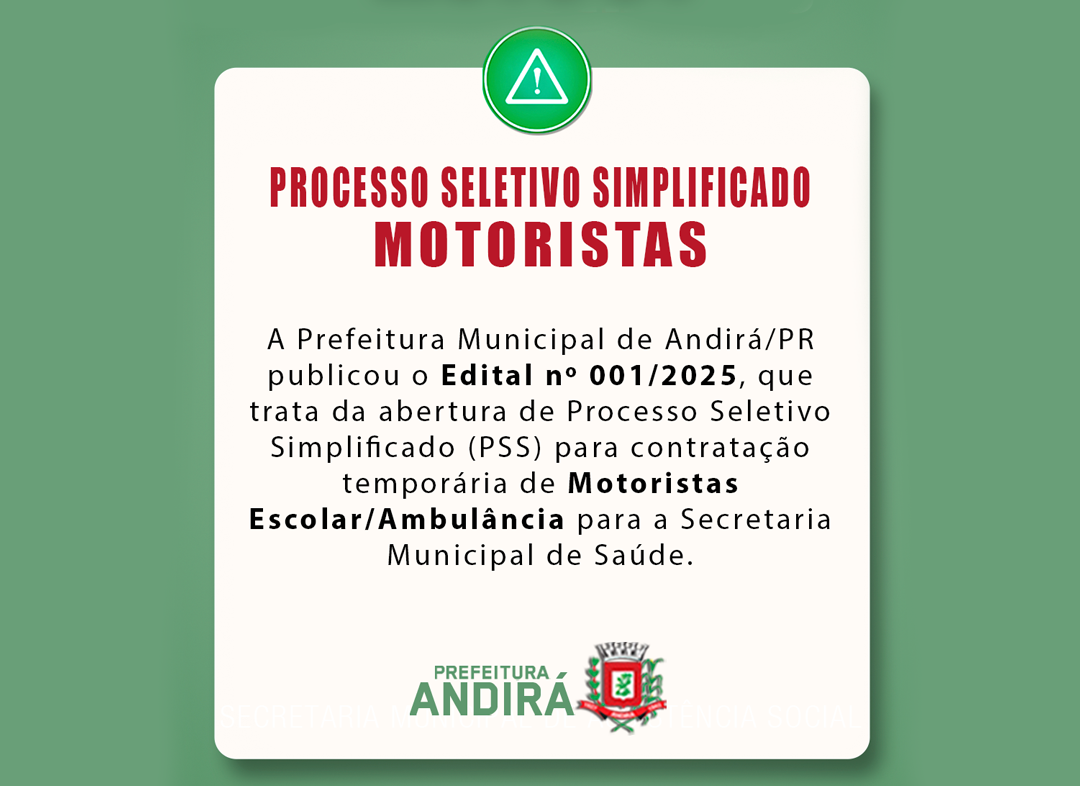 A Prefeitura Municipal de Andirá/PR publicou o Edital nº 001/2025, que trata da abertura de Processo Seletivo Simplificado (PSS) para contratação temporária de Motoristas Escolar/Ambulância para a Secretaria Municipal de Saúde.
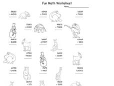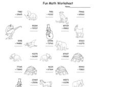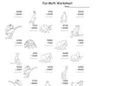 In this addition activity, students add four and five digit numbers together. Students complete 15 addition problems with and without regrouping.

━━━━━━━━

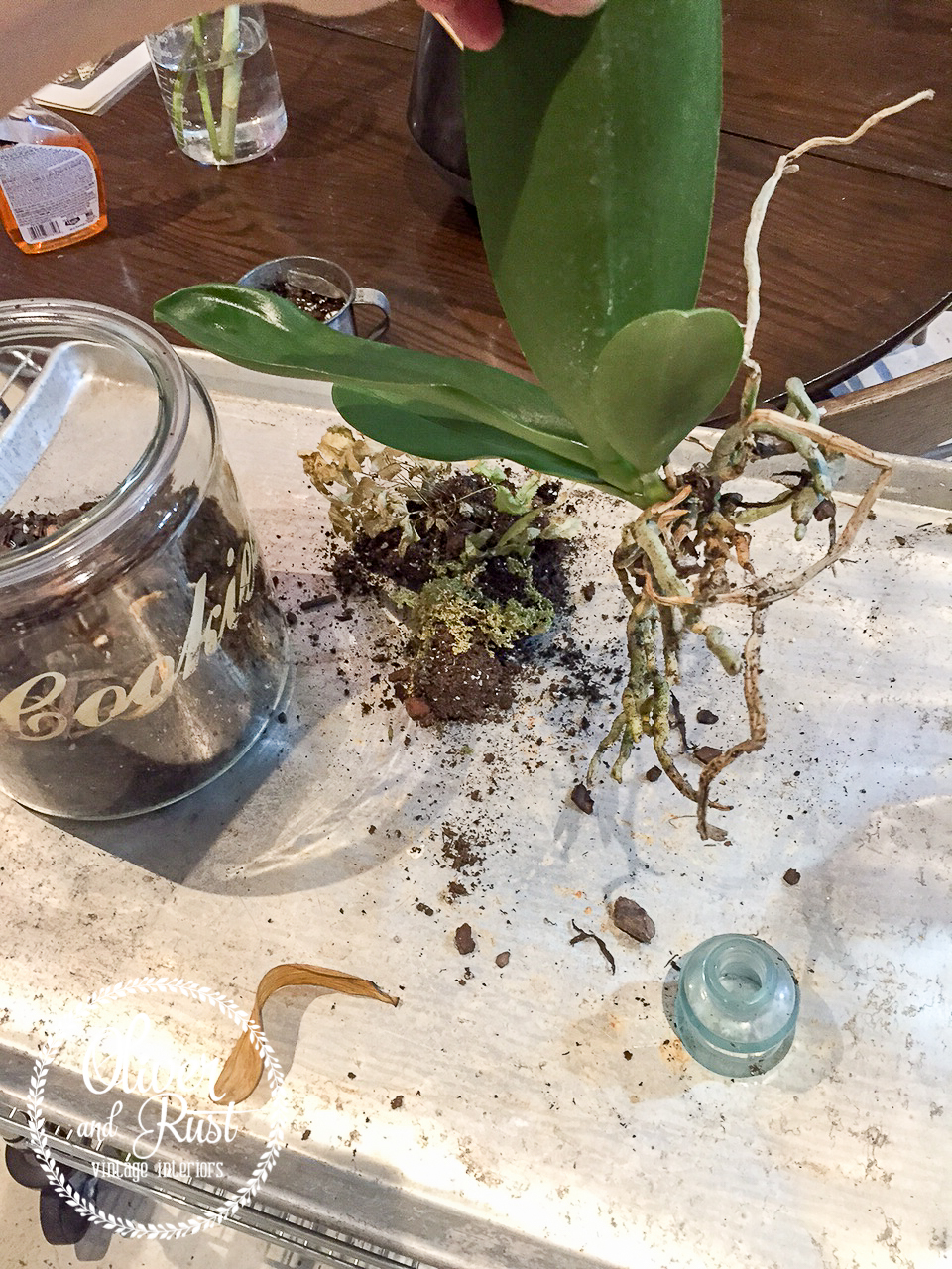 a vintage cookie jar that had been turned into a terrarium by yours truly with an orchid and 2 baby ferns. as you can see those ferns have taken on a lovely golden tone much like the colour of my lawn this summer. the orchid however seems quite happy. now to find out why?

━━━━━━━━

From the records above, quote word for word only the lines beginning at the line that has "A Prefeitura Municipal" and stopping after the line that has "In this addition". Omit the pictures.

 A Prefeitura Municipal de Andirá/PR publicou o Edital nº 001/2025, que trata da abertura de Processo Seletivo Simplificado (PSS) para contratação temporária de Motoristas Escolar/Ambulância para a Secretaria Municipal de Saúde.
 In this addition activity, students add four and five digit numbers together. Students complete 15 addition problems with and without regrouping.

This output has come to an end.